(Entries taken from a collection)
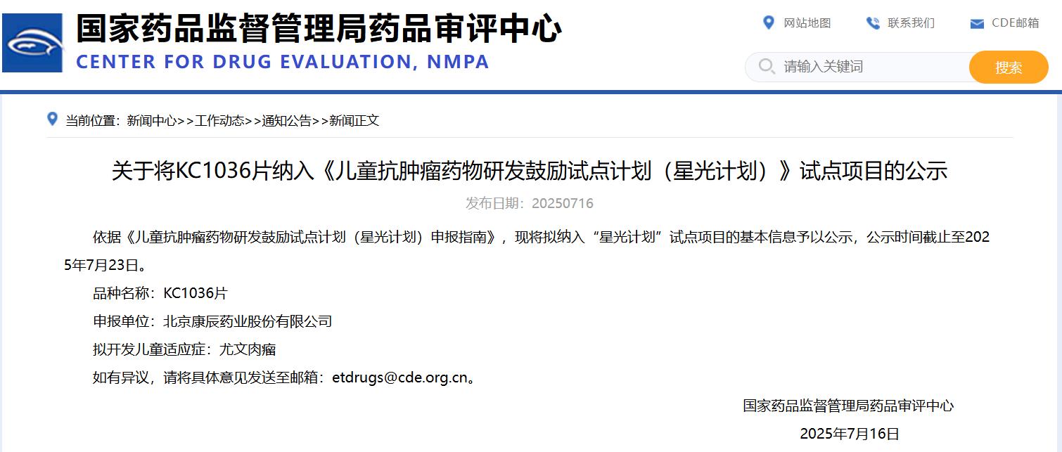 關(guān)于將KC1036片納入《兒童抗腫瘤藥物研發(fā)鼓勵試點(diǎn)計劃(星光計劃)》試點(diǎn)項目的公示
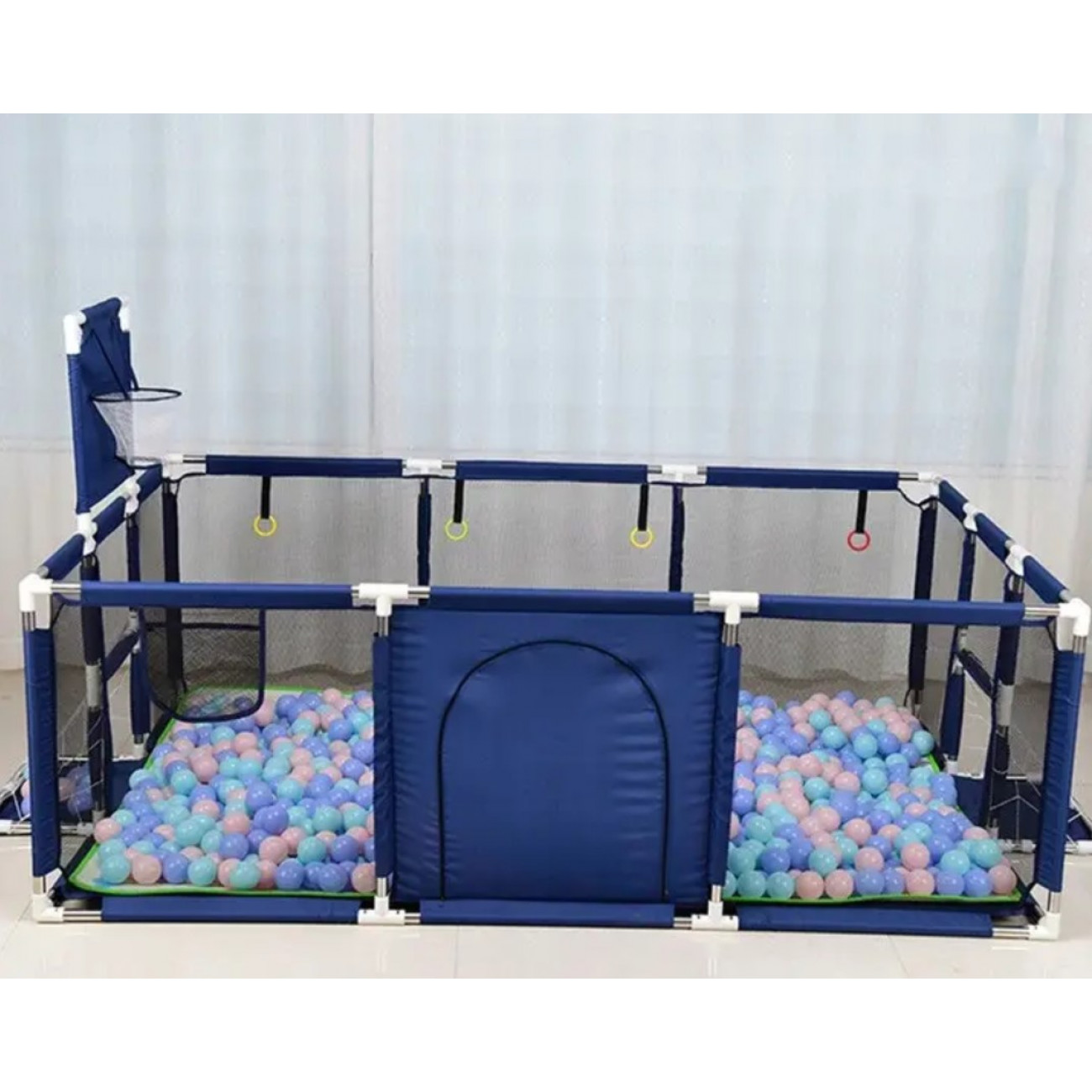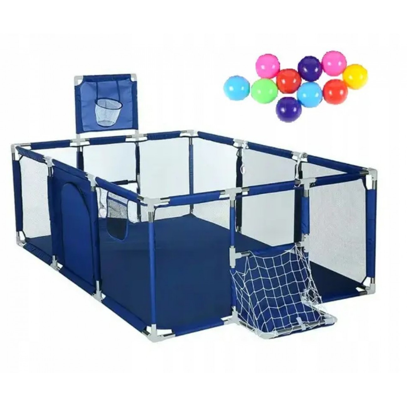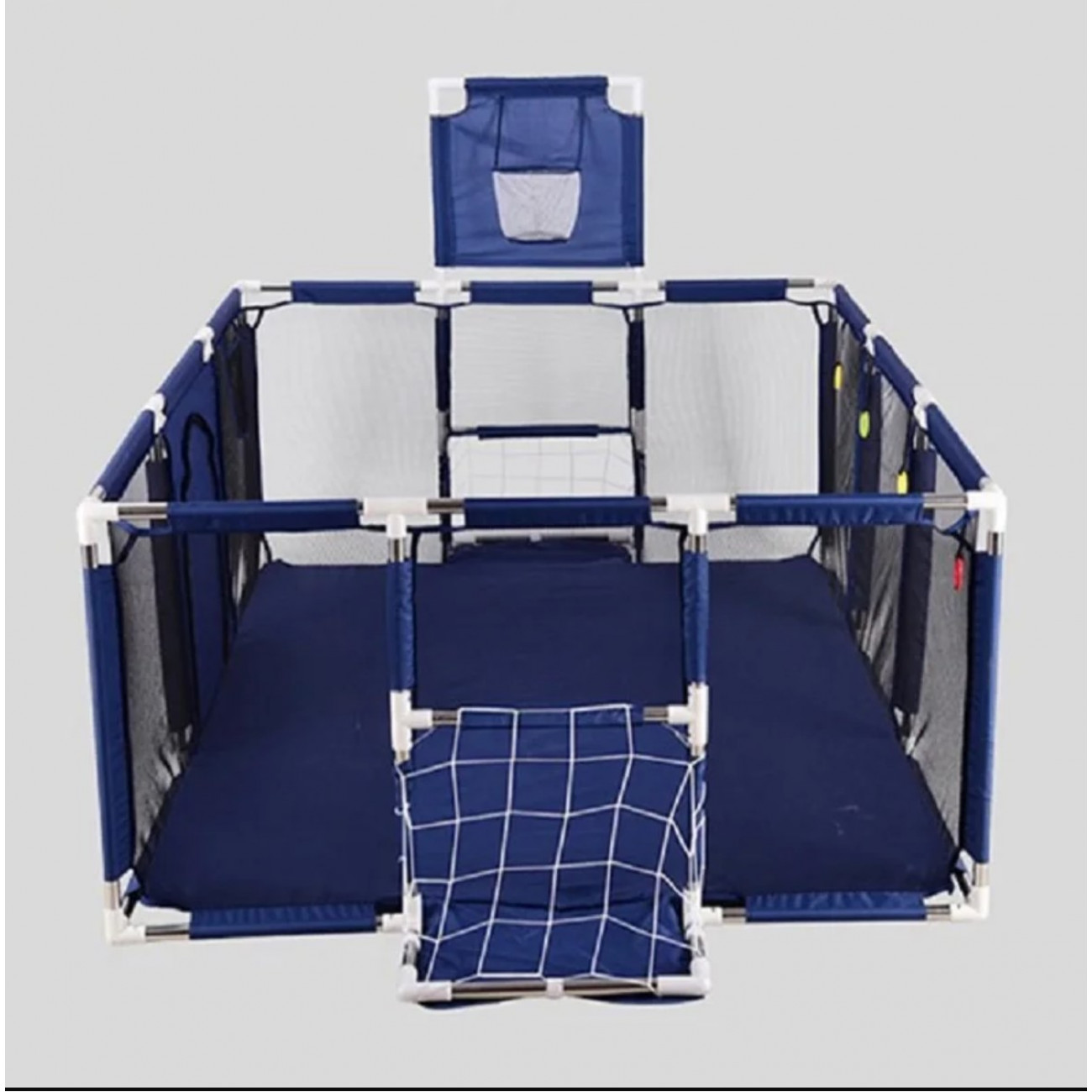 Цей манеж обладнаний баскетбольним кільцем , воротами для маленьких футбольних фанатів, а також набором яскравих кульок, які зроблять гру ще цікавішою. Малята зможуть розвивати свої фізичні навички та координацію, проводячи час у максимально комфортній та безпечній обстановці.
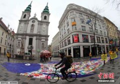 当地时间2015年1月29日,奥地利维也纳,环保人士用800只购物袋在大街上拼成鱼形,抗议塑料制品造成的海洋污染。 当地时间2015年1月29日,奥地利维也纳,...
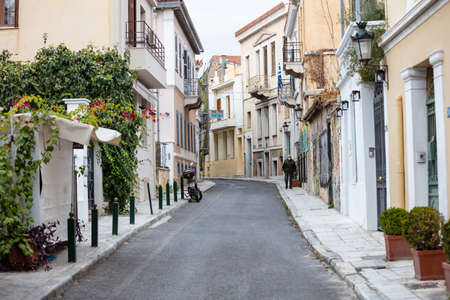 Athens Greece. November 22, 2020. Plaka traditional buildings and streets, old town architecture, coronavirus lockdown day. Man wearing a COVID 19 face protective mask walking alone.
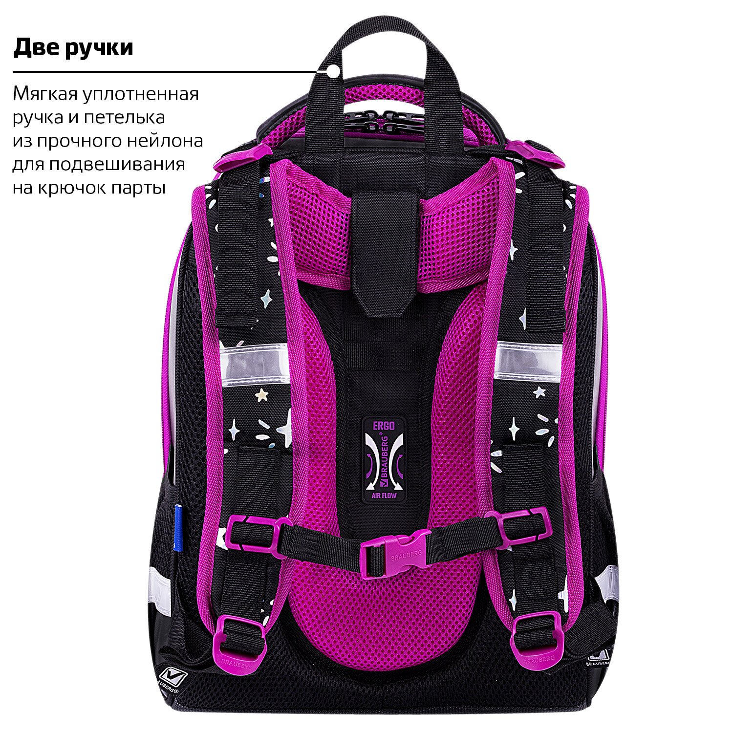 Ранцы BRAUBERG SHINY протестированы НИИ гигиены и охраны здоровья детей и подростков ФГАУ "Национальный медицинский исследовательский центр здоровья детей". В рамках проведенных исследований* было установлено, что конструкции и материалы ученических ранцев соответствуют современным эргономическим требованиям и способствуют формированию здоровой осанки у школьников.

**Your objective**. Copy out the records above in full, exactly as written, but not the pictures.

**Expected answer**.
 關(guān)于將KC1036片納入《兒童抗腫瘤藥物研發(fā)鼓勵試點(diǎn)計劃(星光計劃)》試點(diǎn)項目的公示
 Цей манеж обладнаний баскетбольним кільцем , воротами для маленьких футбольних фанатів, а також набором яскравих кульок, які зроблять гру ще цікавішою. Малята зможуть розвивати свої фізичні навички та координацію, проводячи час у максимально комфортній та безпечній обстановці.
 当地时间2015年1月29日,奥地利维也纳,环保人士用800只购物袋在大街上拼成鱼形,抗议塑料制品造成的海洋污染。 当地时间2015年1月29日,奥地利维也纳,...
 Athens Greece. November 22, 2020. Plaka traditional buildings and streets, old town architecture, coronavirus lockdown day. Man wearing a COVID 19 face protective mask walking alone.
 Ранцы BRAUBERG SHINY протестированы НИИ гигиены и охраны здоровья детей и подростков ФГАУ "Национальный медицинский исследовательский центр здоровья детей". В рамках проведенных исследований* было установлено, что конструкции и материалы ученических ранцев соответствуют современным эргономическим требованиям и способствуют формированию здоровой осанки у школьников.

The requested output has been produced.